Thursday, August 12, 2010

It's Not Me, It's Him!

Have you ever had one of those times where you realise something about yourself that you sort of knew, but never fully acknowledged for whatever reason?

A few days ago, I realised that I stress alot whenever I have to take my little man anywhere. I mean, alot.

I realised that I become very highly strung. Very irritable. And sometimes, I get very upset when unexpected variables are thrown into the plan at the last minute. Hah... maybe I should have myself checked for Aspergers or something :).

But seriously, I stress alot.

As I sit down to analyse why I feel this way, thinking again that I have a problem, I realise that it isn't all me. It actually does have alot to do with my son. At times like these, I am worrying - justifiably I might add! - about whether or not he will cooperate; or whether he will have a tantrum and make us late ... even just him screaming in the car is enough to stress me out sometimes. It's alot to take when you're already dealing with it for a good part of the day. I won't say he's like this all the time, but the times when he becomes difficult are usually associated with being out and about and the process of getting ready to go.

From the first minute of the day, I am having to coax and cajole him ever so gently. Gently wake him up if he needs to be woken (I hate doing this, he is always grumpy); sweetly coax him out of bed; patiently tolerate his squirming and protests when changing his clothes and nappy; woo him out of his bedroom.... sometimes he won't even come out until I take his hand and walk with him.

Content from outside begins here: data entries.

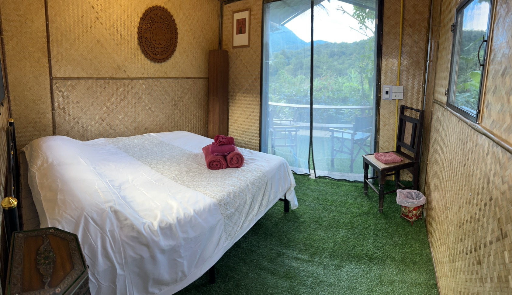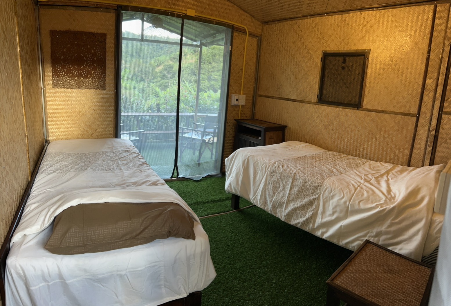 Deze 2 overnachtingen zijn in een bamboe bungalow bovenop een berg met een prachtig uitzicht vanuit je accommodatie. Er is een badkamer met Europese toilet en douche met warm water. In de bungalow is een bed met donsdeken, handdoeken, zeep en shampo zijn voorzien.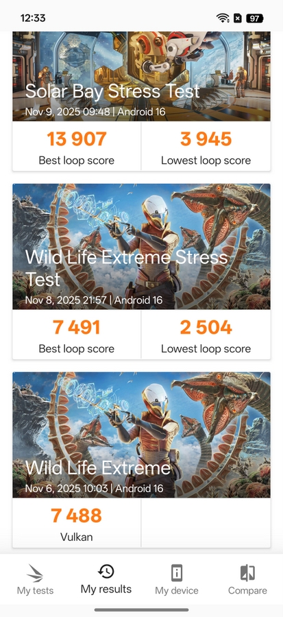 В същото време при продължително високо натоварване мощността намалява значително. Това се вижда в стрес тестовете с 3DMark, които завършиха със стабилност от около 30% – това показва колко намалява производителността с повишаване температурата на чипсета. По време на стрес тестовете корпусът на телефона се нагря значително. Изключително малко вероятно е обаче да получите подобно натоварване в ежедневието.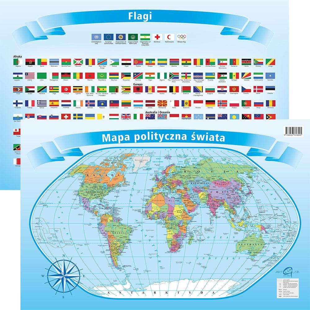 Rewers mapy to flagi wszystkich Państw Świata oraz najważniejszych instytucji międzynarodowych. Idealne narzędzie do poszerzania informacji z zakresu geografii. Podkładka jest laminowana grubym laminatem błyszczącym, można na niej używać mazaków suchościeralnych, bez obaw o jej uszkodzenie.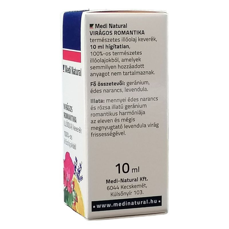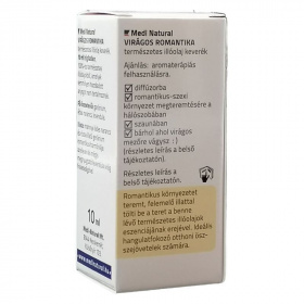 A MediNatural Virágos romantika természetes illóolaj keverék illata egyszerűen mennyei! Édes narancs és rózsa illatú geránium romantikus harmóniája az eleven és mégis megnyugtató levendula virág frissességével. A MediNatural Virágos Romantika természetes illóolaj keverék a következő 100%-os Medinatural illóolajokból komponáltuk meg számodra! Narancs (Citrus Aurantium Dulcis Peel Oil), Geránium (Pelargonium odorantissimum oil), Levendula (Lavandula angustifolia oil).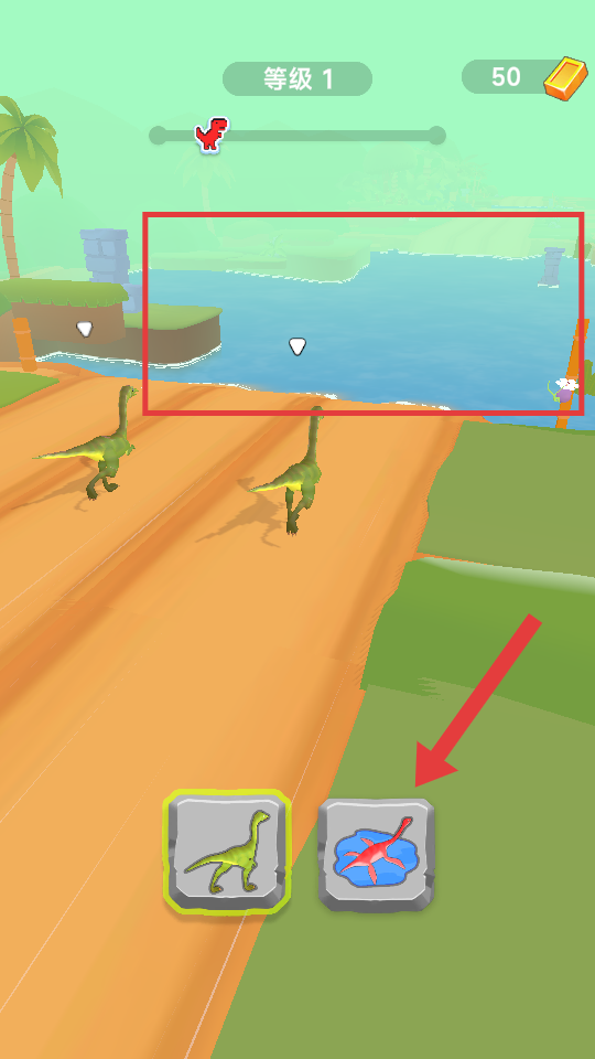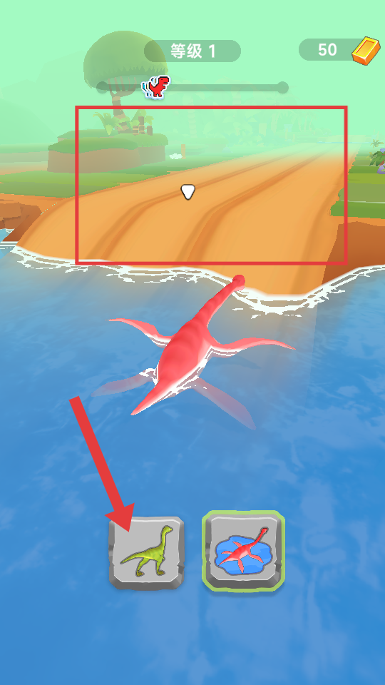 2、进入游戏后,当遇到红框标识的【水域】时,点击水域对应的【红色水生恐龙】图标,让恐龙切换为水中形态前进。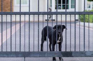 Dog behind a dog-proof fence and gate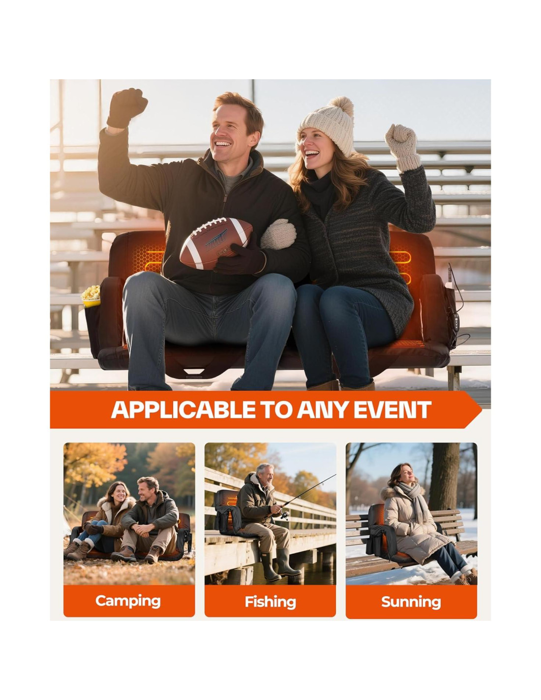 - Almacenamiento y Organización Convenientes: Mantente organizado en movimiento. Estos asientos de estadio calentados vienen con 2 portavasos para bebidas, un espacioso bolsillo lateral para teléfonos, paraguas o accesorios de conciertos/festivales, y un bolsillo trasero con cremallera para llaves, bocadillos y otros esenciales, todo al alcance de tu mano.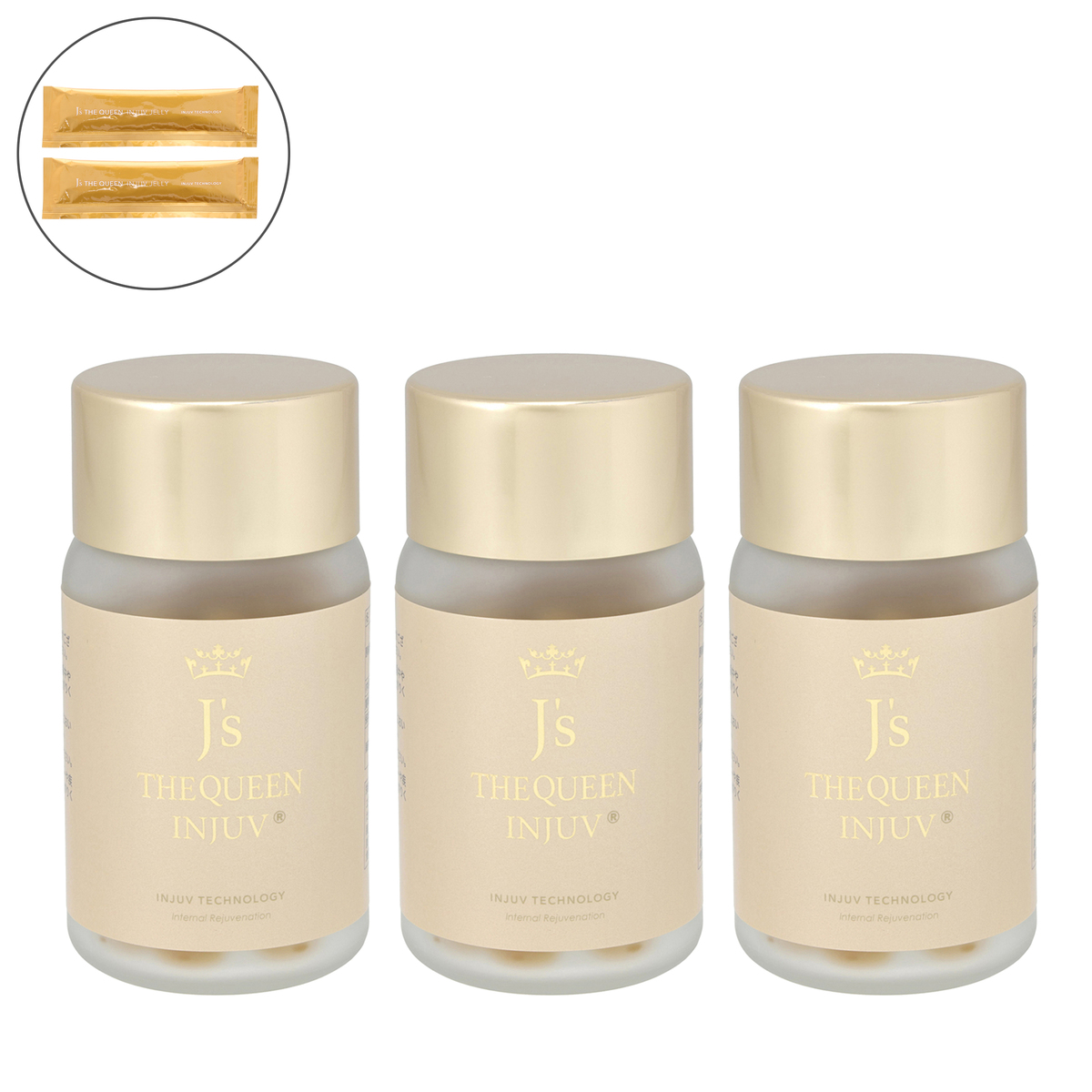 [セット内容] ・超低分子化美容サプリ J’s THE QUEEN INJUV×3 ・J’s THE QUEEN INJUV JELLY 2本(プレゼント) [原材料] 鶏冠分解物(国内製造)、亜麻仁油(国内製造)、エゴマ油/ゼラチン、グリセリン、ミツロウ、グリセリン脂肪酸エステル、植物レシチン(大豆由来)

To get to the car I have to try and get his shoes and jacket on. He squirms and wriggles and won't stand still. I am currently breaking his pattern for putting shoes on, so he does sit on the couch without too much complaint now. But he slouches. And squirms. And moves his feet so I can't do the laces properly. Then I have to get him to the car....

We walk the same pattern, but sometimes, for whatever reason, he feels something is wrong and won't walk willingly. I have to wait until he's ready. He might stand at the door and stare for a minute or two, until he is ready to move on. When he climbs into the car, he walks up and down in front of the back seat and then stares at his chair until he's ready to climb into it. Then he stays on his knees looking out the back window till he's ready to sit down and be strapped in. I have to be soooo patient, and sometimes that is just so hard to do when you've got time constraints.

Sometimes, it's just all too much. And this is just the day to day routine of taking the big girls to school!

When we go somewhere new or different, I don't know what he's going to do. Sometimes, he is perfectly fine. Other times, he is so upset at the changes, that he just cries and tantrums the whole time. I can't relax. I never know when he's going to do a runner on me either. So I'm constantly watching him... following close in case he makes a dash. People think I'm overprotective and paranoid, even if they know he has Autism. I'm not. But they just don't get it.

My boy doesn't understand the world the way other kids do. It's a big and frightening place for him sometimes and he doesn't understand it. New places often means tantrums and that means that I am occupied with calming him. Usually kneeling on the floor beside him, speaking calmly, gentle words, gentle hugs (when all I want to do is shake him out of it and yell at him to get over it). This usually means I can't carry on a conversation with anyone. Or attend to the baby, or the big girls. It's very full on. And I am so tired of it. I'm just tired of being so on the edge all the time. It gets so draining.

So I guess that is why I stress hard whenever I have to take my boy anywhere. I know what's in store, I know the mental resolve required of me, and sometimes I'm just too exhausted for it all.